Par Jean-Pierre Bacot

L’antimaçonnisme, associé à l’antijudaïsme, voire l’antisémitisme est pour beaucoup un sinistre souvenir des années 1930.  Mais le fantasme perdure, sous une forme, abêtie, mais tout aussi haineuse, associée au mythe des Illuminati,  le tout relayé comme il se doit en  notre époque, par les réseaux sociaux. Ce phénomène nous est décrit, en une lecture kaléidoscopique  par une réunion de chercheurs et chercheuses de haut niveau que Philippe Schreiber a coordonnée dans un ouvrage qui mérite de figurer dans toutes les bibliothèques : Les formes contemporaines de l’antimaçonnisme, Université de Bruxelles, 2019.
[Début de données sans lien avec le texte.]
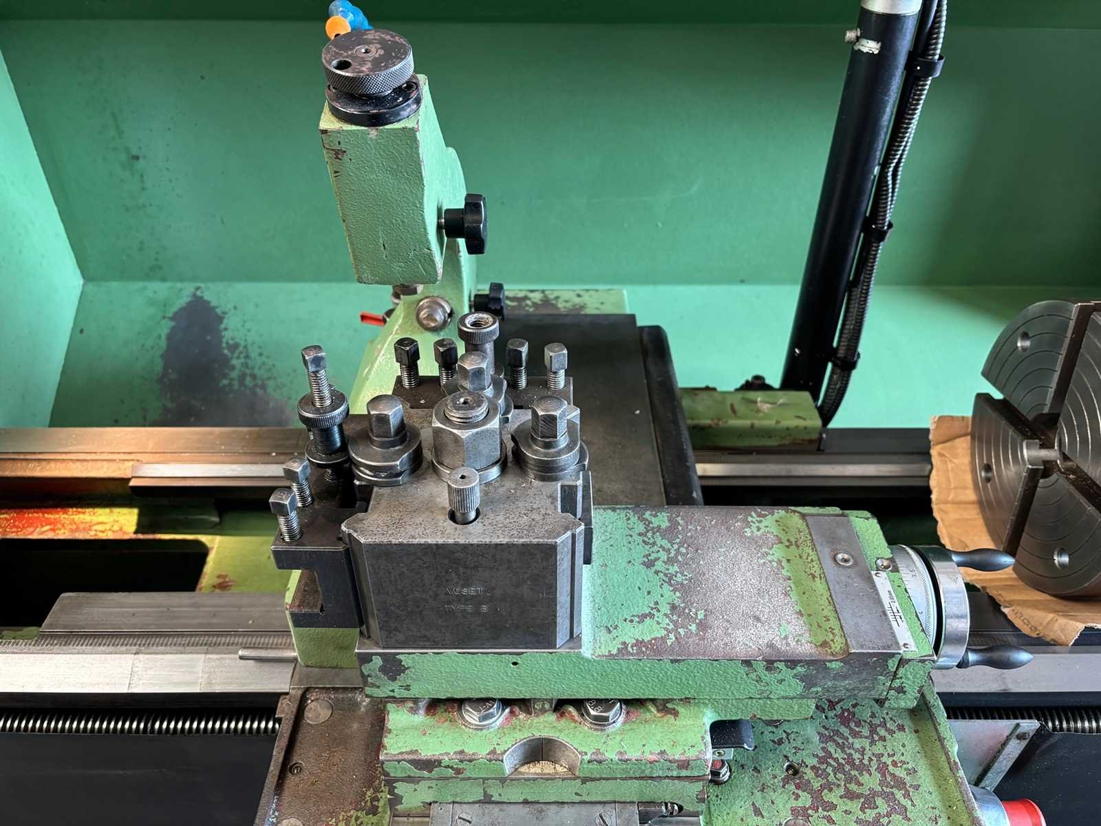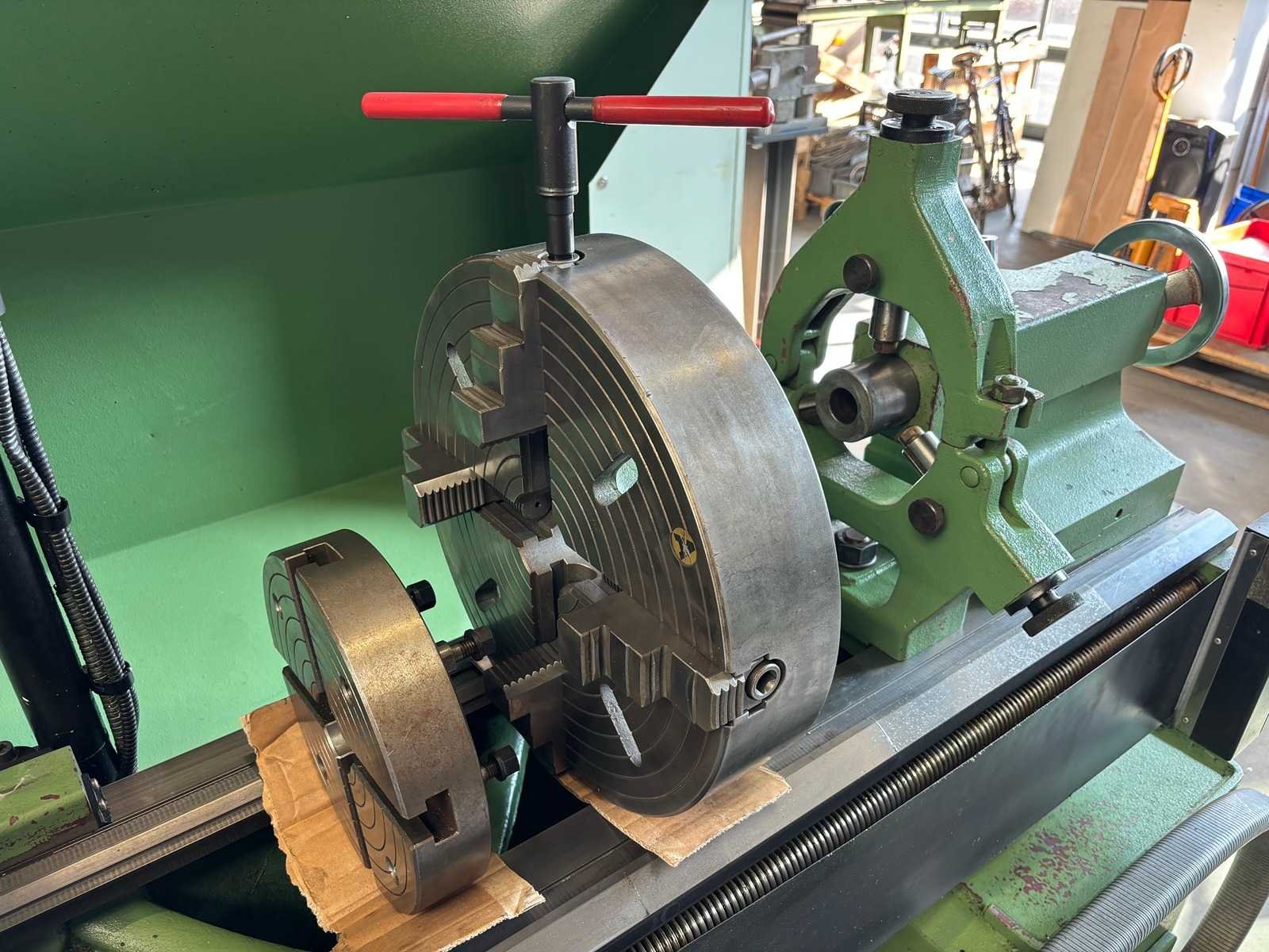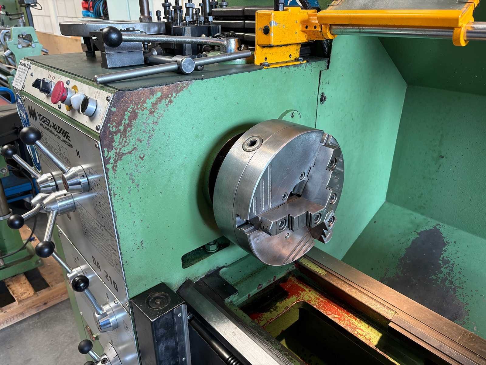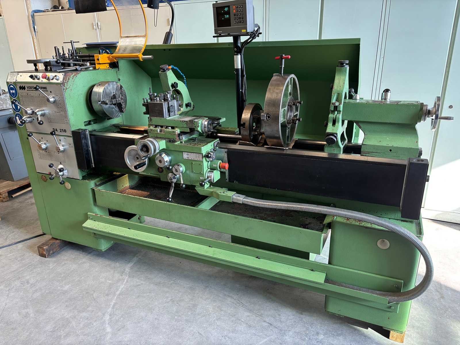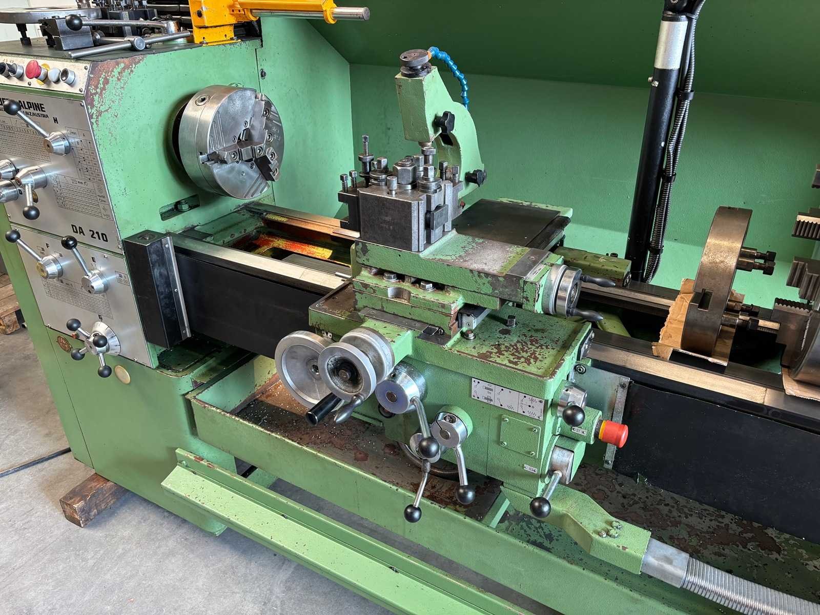 Machine geserviced, gecontroleerd op goede werking en geometrie Alles functioneert en is in goede staat compleet met Heidenhain digitale uitlezing, 3-klauwplaat 250 mm, 4-klauwplaat 400 mm, snelwisselhouder met 9 houders, meeneemplaat, spanplaat, 1 vaste bril , 1 meelopende bril, stelvoeten en koelinstallatie Merk: Voest-Alpine Type: DA210 Draailengte: 1500mm Draai: 420mm Holle spil Ø: 52mm Aantal snelheden: 12 Snelheid van n =: 33rpm Snelheid tot n =: 1500rpm Koelmiddelpomp: true Aansluiting: 400V Machinegewicht: 1750kg Afmeting l: 3200mm Afmeting b: 1400mm Afmeting h: 1600mm

Schreiber, dans sa présentation intitulée « les habits nouveaux d’une passion séculaire », pose l’antimaçonnisme contemporain comme se nourrissant, outre du souvenir des discours hostiles du passé – ces « forces occultes » qui menacent la Tradition- d’une certaine mode du complotisme, mais aussi d’une idéologie antisystème et d’une volonté de transparence. Il existe également des fixations religieuses perdurantes, tout cela formant une pensée de caractère paranoïde alimentée, si ce n’est amplifiée, par les réseaux sociaux. C’est aussi d’une inculture crasse que témoignent les formes du discours antimaçonnique contemporain. L’auteur, dans un heureux élargissement, s’attache à la situation africaine où l’appartenance maçonnique de certaines élites locales alimente la méfiance tenace d’une partie de la population.

A la suite, Jérôme  Rousse-Lacordaire, l’une des têtes pensantes de ce qui reste de la famille dominicaine s’attache à décrire minutieusement la manière dont la sainte église apostolique et romaine est lentement passée de l’affrontement au dialogue. Il commence à rappeler le tollé que souleva des deux côtés de la barrière, en 1961, l’invitation dans une loge de Laval du Grand orient de France  du père Riquet, jésuite, pour une conférence. Il explique ensuite comment l’Eglise considérait il n’y a pas si longtemps la franc-maçonnerie comme son contraire, à cause d’un secret assimilé à un complot, mais aussi comme une concurrente qui, même lorsqu’elle ne se réclamait pas d’une forme d’athéisme, introduisait avec le relativisme un gros ver dans le fruit, sans parler d’un ésotérisme qui n’était pas du goût du Vatican. Rousse-Lacordaire termine sa contribution par une autre affaire, celle de l’entrée en loge du père Pascal Vesin en 2001 à Annecy et de son expulsion de l’Eglise. C’est donc un durcissement que l’on constate aujourd’hui, situation peut-être liée au fait que la maçonnerie, dans sa diversité, se porte bien en France alors que l’Eglise y est moribonde, ce que l’auteur évite de souligner.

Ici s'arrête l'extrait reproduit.